**Instructions for the task**
Exactly as they appear below, repeat the lines from the one with "وحرص أحمد عيسى" through the one with "- Flavors: Strawberry, Berries". Drop every picture.

**Source records**
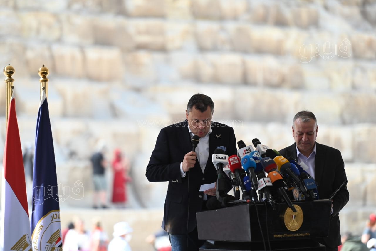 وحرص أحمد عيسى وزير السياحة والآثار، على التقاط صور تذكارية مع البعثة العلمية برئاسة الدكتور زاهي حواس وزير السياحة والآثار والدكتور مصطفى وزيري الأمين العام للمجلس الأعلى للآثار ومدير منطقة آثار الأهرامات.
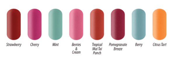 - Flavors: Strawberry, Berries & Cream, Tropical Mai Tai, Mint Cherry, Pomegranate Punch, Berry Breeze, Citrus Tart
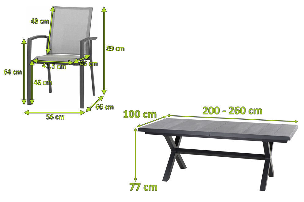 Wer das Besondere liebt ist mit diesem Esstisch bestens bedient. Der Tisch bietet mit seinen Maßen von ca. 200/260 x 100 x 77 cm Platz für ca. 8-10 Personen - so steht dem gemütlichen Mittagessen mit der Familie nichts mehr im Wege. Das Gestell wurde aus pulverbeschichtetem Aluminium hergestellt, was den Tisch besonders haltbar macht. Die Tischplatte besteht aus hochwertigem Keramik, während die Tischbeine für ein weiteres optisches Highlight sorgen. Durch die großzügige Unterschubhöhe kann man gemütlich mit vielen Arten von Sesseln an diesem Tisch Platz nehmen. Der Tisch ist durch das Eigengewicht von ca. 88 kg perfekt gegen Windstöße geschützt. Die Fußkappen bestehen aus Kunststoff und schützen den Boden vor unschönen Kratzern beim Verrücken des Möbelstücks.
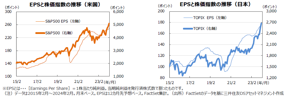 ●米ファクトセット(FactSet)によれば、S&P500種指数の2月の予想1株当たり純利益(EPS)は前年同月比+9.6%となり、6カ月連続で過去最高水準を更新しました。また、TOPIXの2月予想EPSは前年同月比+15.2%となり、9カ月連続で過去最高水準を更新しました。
---
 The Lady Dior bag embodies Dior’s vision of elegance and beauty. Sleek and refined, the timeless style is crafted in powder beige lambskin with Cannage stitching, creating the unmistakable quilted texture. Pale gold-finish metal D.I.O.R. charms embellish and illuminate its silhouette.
* * *
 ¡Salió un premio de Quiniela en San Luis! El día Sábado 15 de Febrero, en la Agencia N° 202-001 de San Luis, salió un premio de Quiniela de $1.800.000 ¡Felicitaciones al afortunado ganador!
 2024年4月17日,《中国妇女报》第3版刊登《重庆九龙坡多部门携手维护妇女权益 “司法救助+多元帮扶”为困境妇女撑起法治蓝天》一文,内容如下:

**Task solution**
 وحرص أحمد عيسى وزير السياحة والآثار، على التقاط صور تذكارية مع البعثة العلمية برئاسة الدكتور زاهي حواس وزير السياحة والآثار والدكتور مصطفى وزيري الأمين العام للمجلس الأعلى للآثار ومدير منطقة آثار الأهرامات.
 - Flavors: Strawberry, Berries & Cream, Tropical Mai Tai, Mint Cherry, Pomegranate Punch, Berry Breeze, Citrus Tart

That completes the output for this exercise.